Wei Ling, Zhu Siying, Wen Jizhi, Liao Zhijian, Jia Shuangshuang, Ji Yanli
Institute of Blood Transfusion and Hematology, Guangzhou Blood Center, Guangzhou Medical University, Guangzhou, China.
The Key Medical Laboratory of Guangzhou, Guangzhou, China.
Blood Transfus. 2025 Jul-Aug;23(4):357-364. doi: 10.2450/BloodTransfus.1003. Epub 2025 May 14.
The s antigen expression is mainly determined by a single nucleotide polymorphism at c.143C (p.Thr48) on the exon 4 of GYPB gene. Several mutations on the GYPB gene have been reported to cause aberrant s antigen expression. GP.Mur has an extra 31-amino acid insertion encoded by the active compound GYP(B-A) exon 3, which closely locates at the upstream of p.Thr48. It has been reported to cause altered s antigen expression.
Serologic testing and flow cytometry analysis were performed to detect s antigen expression on RBCs of GP(B-A-B) hybrid glycophorins, including GP.Mur, GP.Bun and GP.HF. Several mutant plasmids based on the different sites between GYPB and GYP(B-A-B) alleles were constructed and transfected into HEK293T cells for in vitro expression, to reveal the key amino acids for the aberrant s antigen expression.

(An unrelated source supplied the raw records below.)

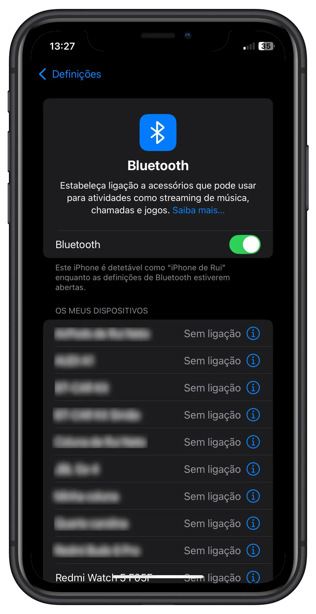 O Bloqueio dinâmico utiliza o Bluetooth para comunicar entre o computador e o smartphone, pelo que o primeiro passo é certificar-se de que o Bluetooth está ligado em ambos os dispositivos: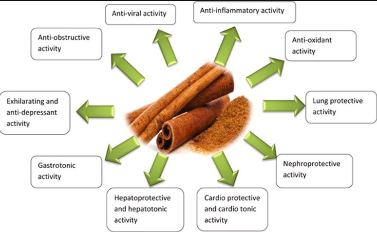 Figura 1. Beneficios de la canela. Fuente: Biomedicine & Pharmacotherapy, 2021.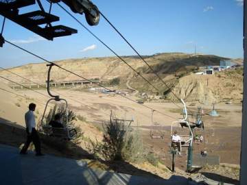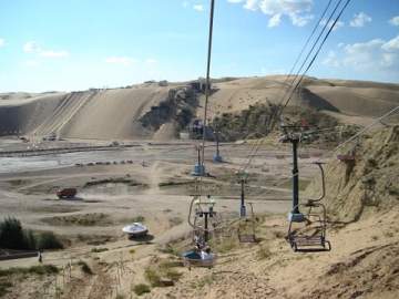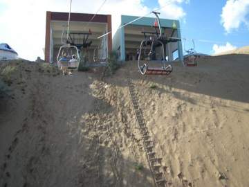 Der Sessellift zum Wüsten-Sportcenter (Bogenschießen, Kamelreiten, Jeepfahren,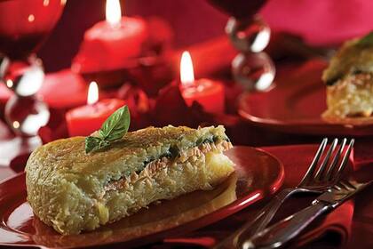 Gratén de papas, panceta y rúcula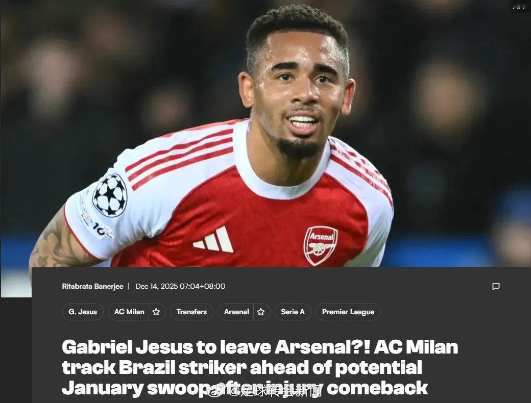 罗马体育报消息,米兰正寻求收购热苏斯,这名前锋几乎因伤缺阵了1年之久,但他最近已经完成复出,并且在对布鲁日和狼队的比赛中替补登场。报道称,米兰希望在一月份租借热苏斯,因为他们承担不起直接买下他的费用,实际上,意媒指出哪怕是租借对米兰来讲难度也很大,因为热苏斯的工资非常高。据悉,热苏斯在阿森纳的税前年薪高达1600万欧元,这远远高于米兰的承担能力,红黑军团唯一的利好是,热苏斯希望在世界杯到来之前多踢比赛。

Serologic testing and flow cytometry assay showed the RBCs of GP.Mur homozygotes reacted positively with IgG anti-s (P3YAN3) but negatively with IgM anti-s (P3BER). Flow cytometry analysis also revealed half level of s antigen expressed on the RBCs of GP.Mur, GP.Bun and GP.HF heterozygotes with ss genotype compared to S-s+ controls when detected by IgM anti-s (P3BER). Furthermore, in vitro expression study showed that p.Asn45 is critical for the epitope expression of s antigen detected by IgM anti-s (P3BER).

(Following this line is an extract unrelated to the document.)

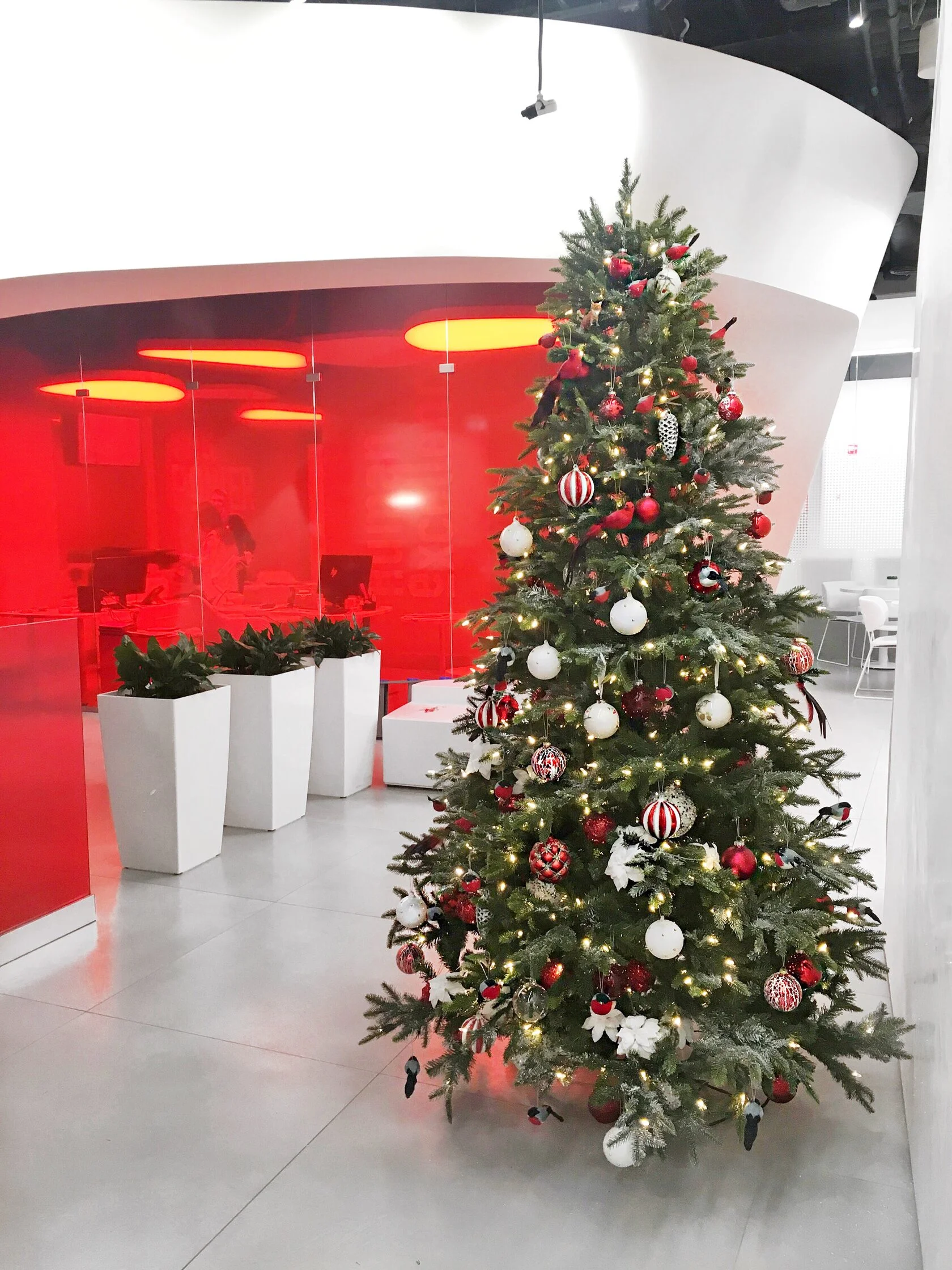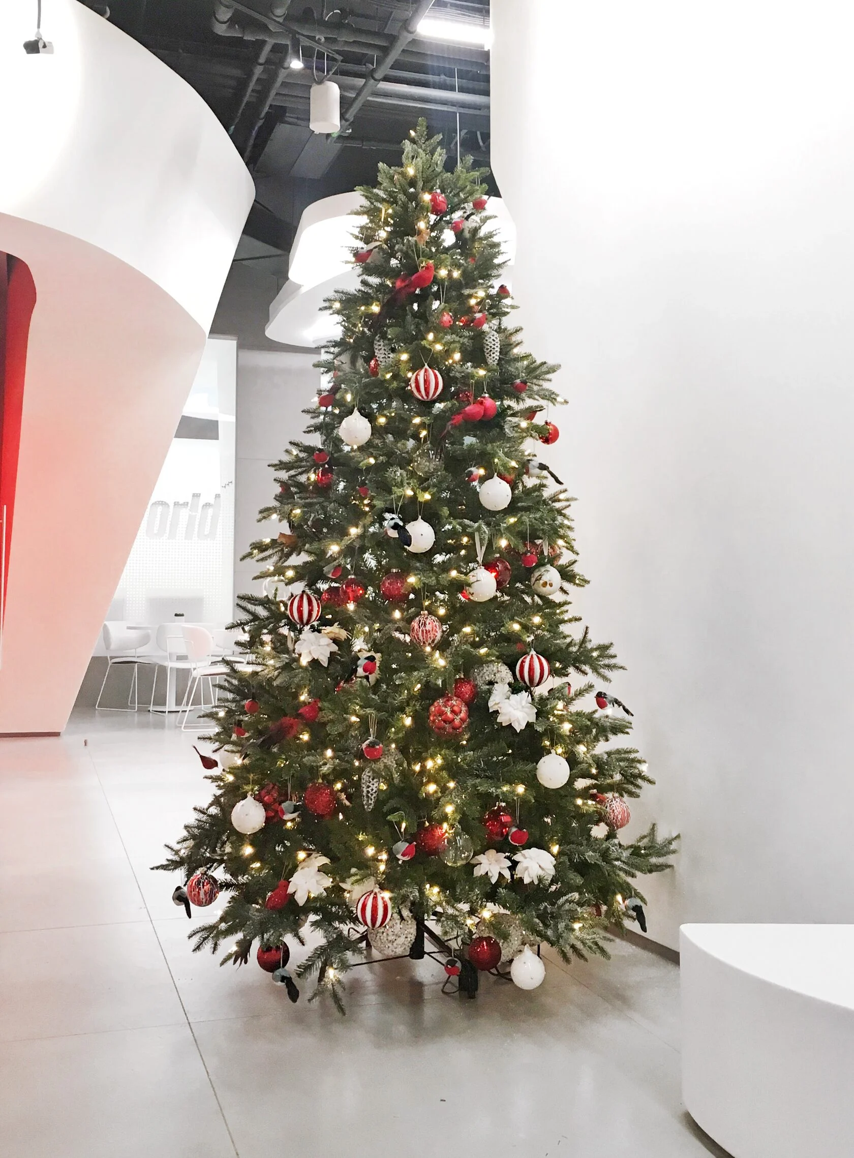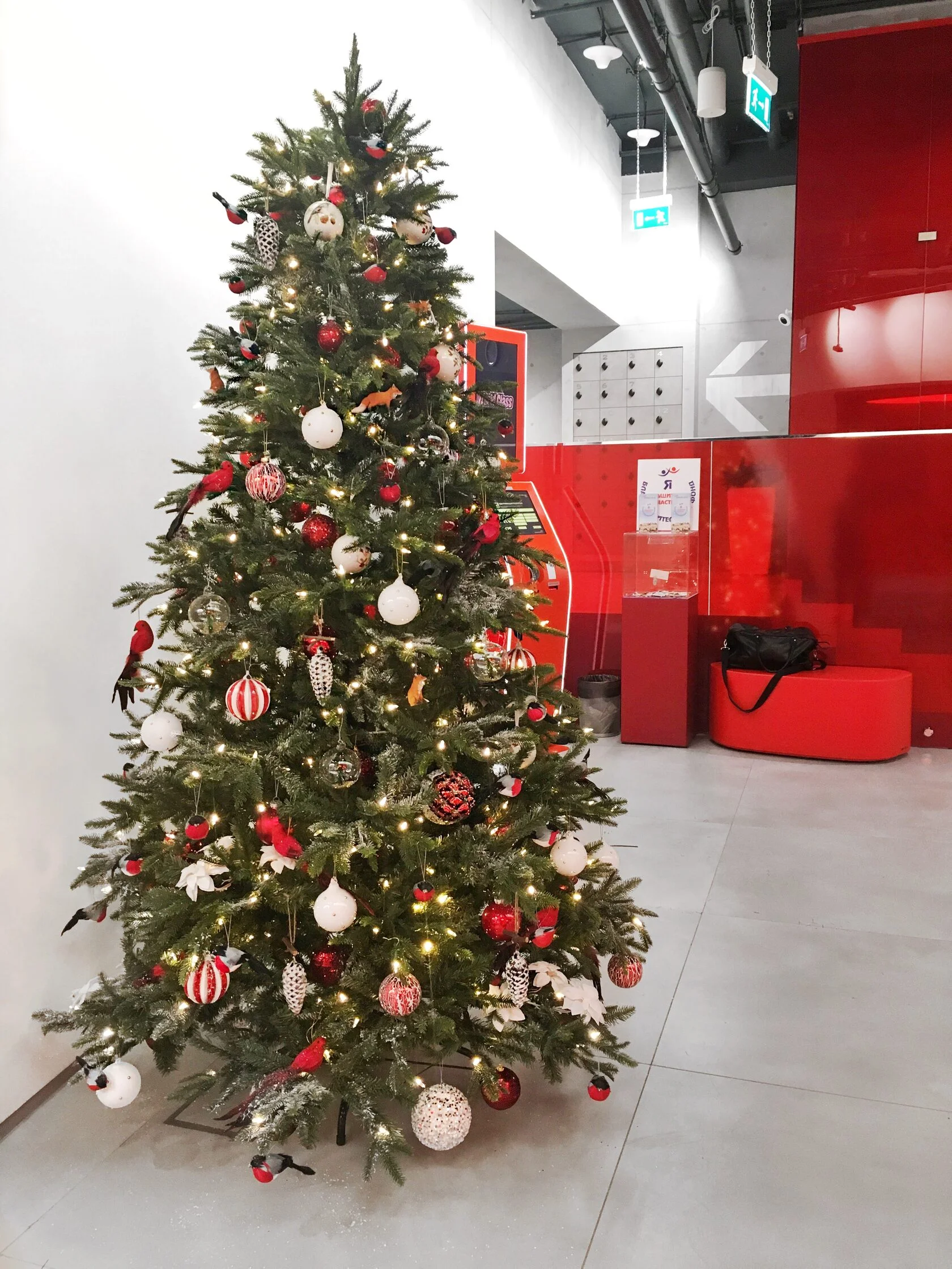 Эта ель воплощает в себе магию и изысканность. Её густая зелёная крона, выполненная из литого материала, оживает под мягким светом встроенной гирлянды, а декоративные элементы в белых и насыщенных красных тонах наполняют пространство теплом, уютом и атмосферой праздника. Под елью уютно расположились праздничные подарки, завершая композицию и превращая её в главный символ торжества.

The results demonstrated partial s antigen expression on GP(B-A-B) RBCs. In addition to p.Thr48, p.Asn45 is also important for the epitope expression of s antigen detected by IgM anti-s (P3BER). To avoid false negative serologic typing, it is recommended to use several different clones of monoclonal anti-s for the correct s typing, especially in the regions with high frequency distribution of GP(B-A-B) hybrid glycophorins.
s抗原的表达主要由GYPB基因第4外显子c.143C(p.Thr48)处的单核苷酸多态性决定。据报道,GYPB基因上的几种突变会导致s抗原表达异常。GP.Mur具有由活性化合物GYP(B-A)外显子3编码的额外31个氨基酸插入,其紧邻p.Thr48的上游。据报道,它会导致s抗原表达改变。

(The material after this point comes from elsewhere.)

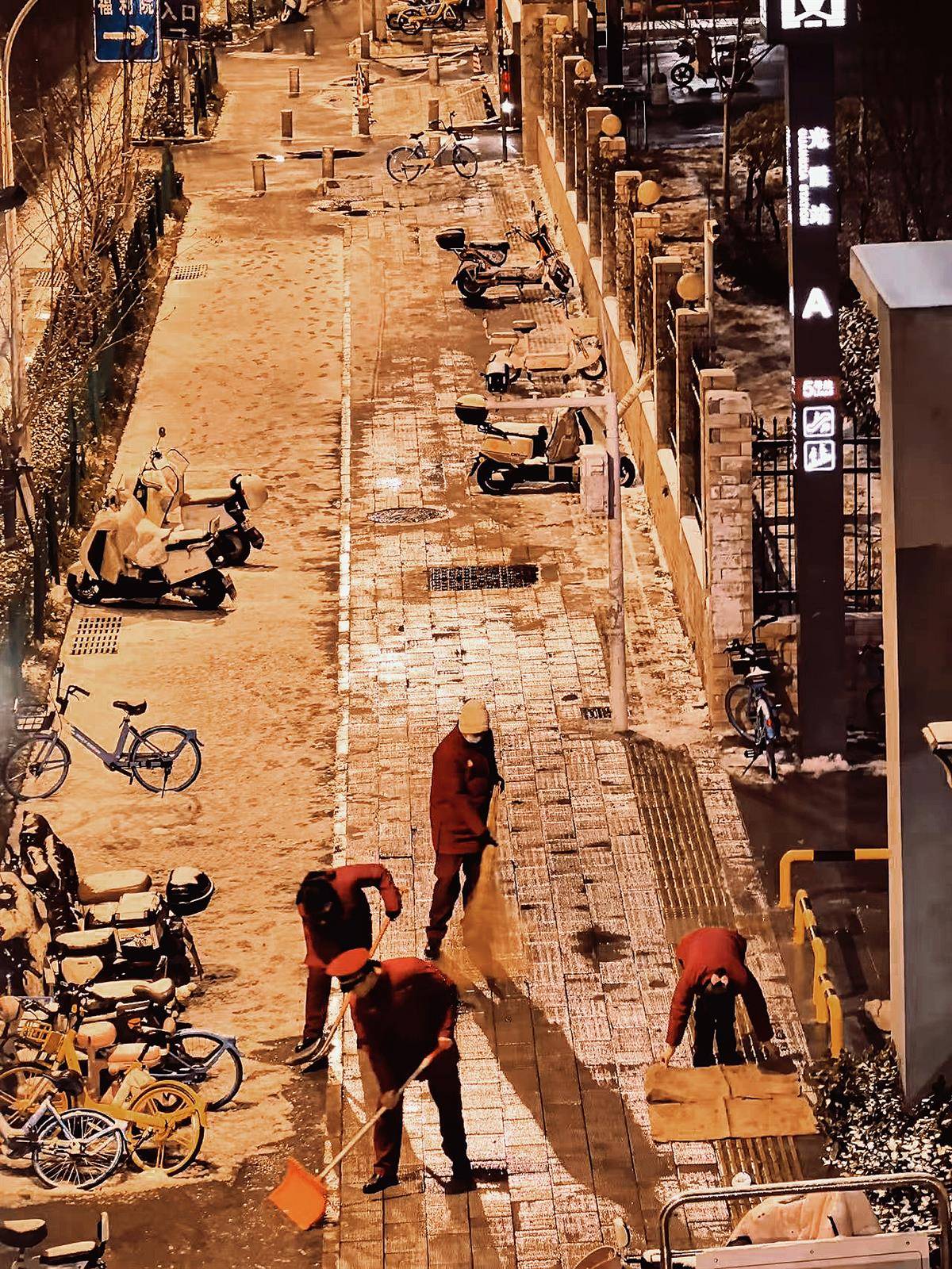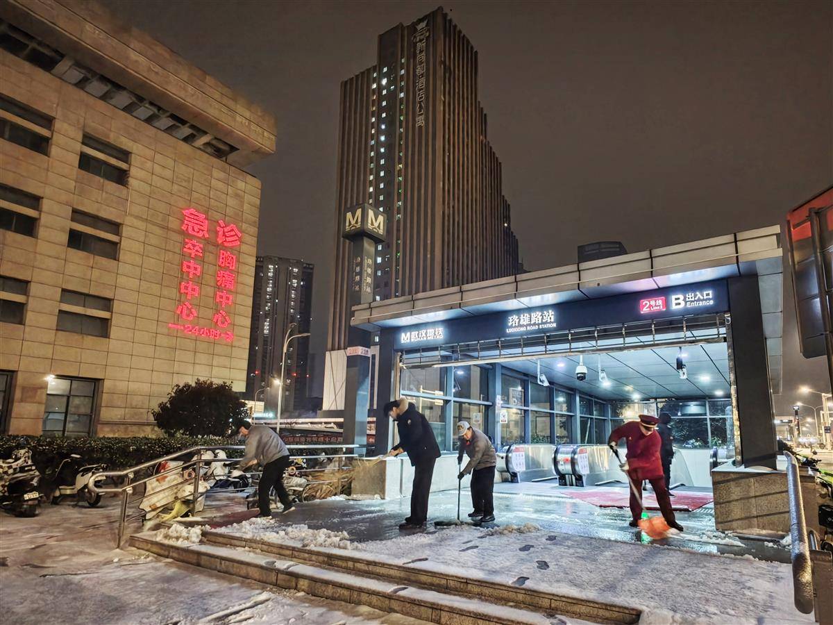 随后,一列列地铁车辆如银龙苏醒,次第驶向正线。6时整,随着晨光渐起,2号线列车按时投入新一天的运营。当天凌晨,调度中心全过程掌握线网各区域降雪情况,统一调度所有线路提前整备当日运营工作,确保线网6时准时开班运营。凌晨4时起,4000余名员工清扫线网312座车站所有出入口积雪,6时开班前铺设好防滑地垫、麻袋。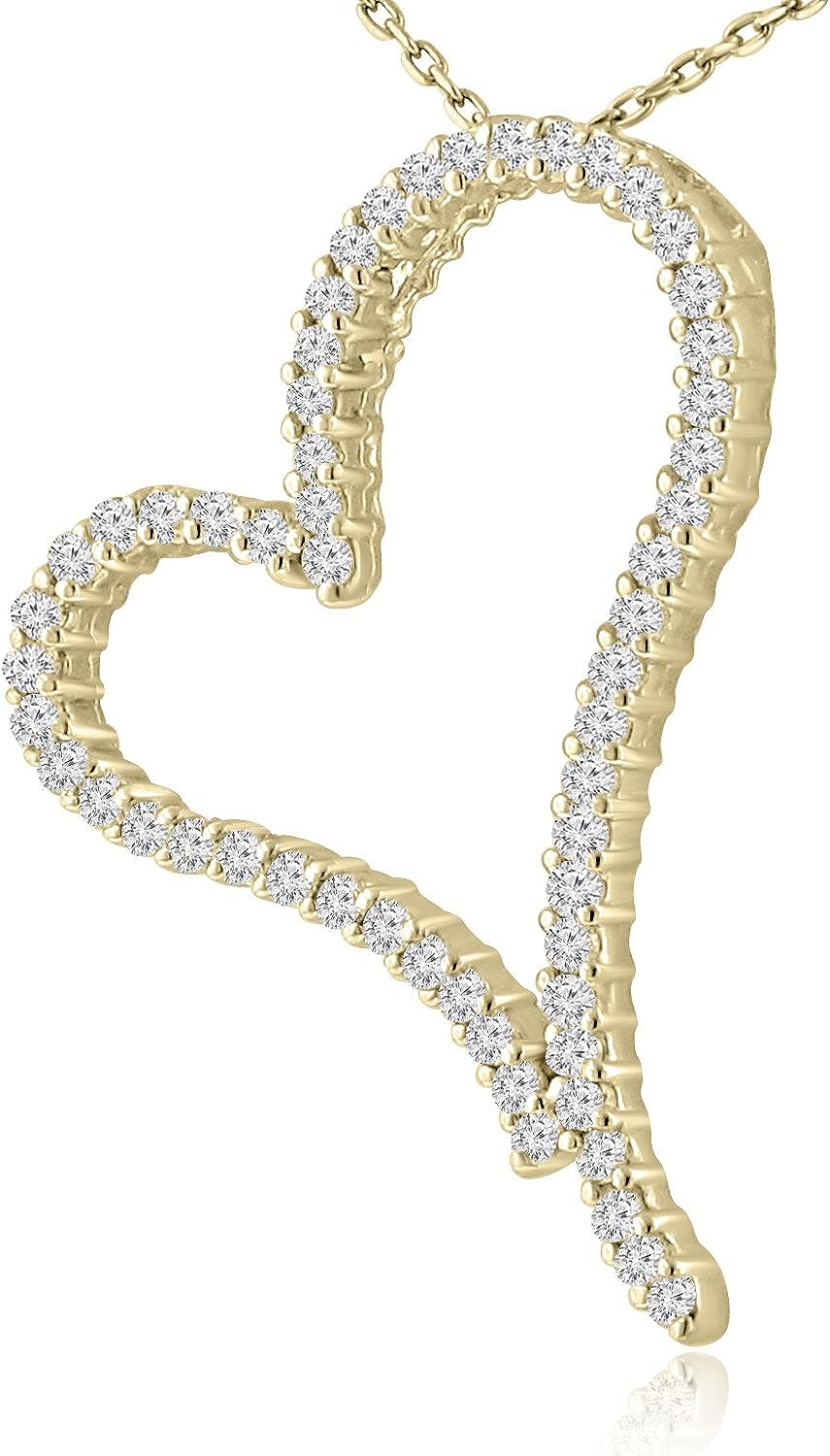 Madina Jewelry 1.30 ct Round Cut Diamond Heart Shape Pendant Necklace (G Color SI-1 Clarity) in 14 kt Yellow Gold

进行血清学检测和流式细胞术分析,以检测包括GP.Mur、GP.Bun和GP.HF在内的GP(B-A-B)杂合糖蛋白红细胞上的s抗原表达。构建了基于GYPB和GYP(B-A-B)等位基因之间不同位点的几种突变质粒,并转染到HEK293T细胞中进行体外表达,以揭示s抗原表达异常的关键氨基酸。
血清学检测和流式细胞术分析显示,GP.Mur纯合子的红细胞与IgG抗s(P3YAN3)反应呈阳性,但与IgM抗s(P3BER)反应呈阴性。流式细胞术分析还显示,当用IgM抗s(P3BER)检测时,与S-s+对照相比,GP.Mur、GP.Bun和GP.HF杂合子(ss基因型)红细胞上表达的s抗原水平为一半。此外,体外表达研究表明,p.Asn45对于IgM抗s(P3BER)检测的s抗原表位表达至关重要。
结果表明GP(B-A-B)红细胞上存在部分s抗原表达。除了p.Thr48外,p.Asn45对于IgM抗s(P3BER)检测的s抗原表位表达也很重要。为避免血清学分型出现假阴性,建议使用几种不同克隆的单克隆抗s进行正确的s分型,尤其是在GP(B-A-B)杂合糖蛋白高频分布的地区。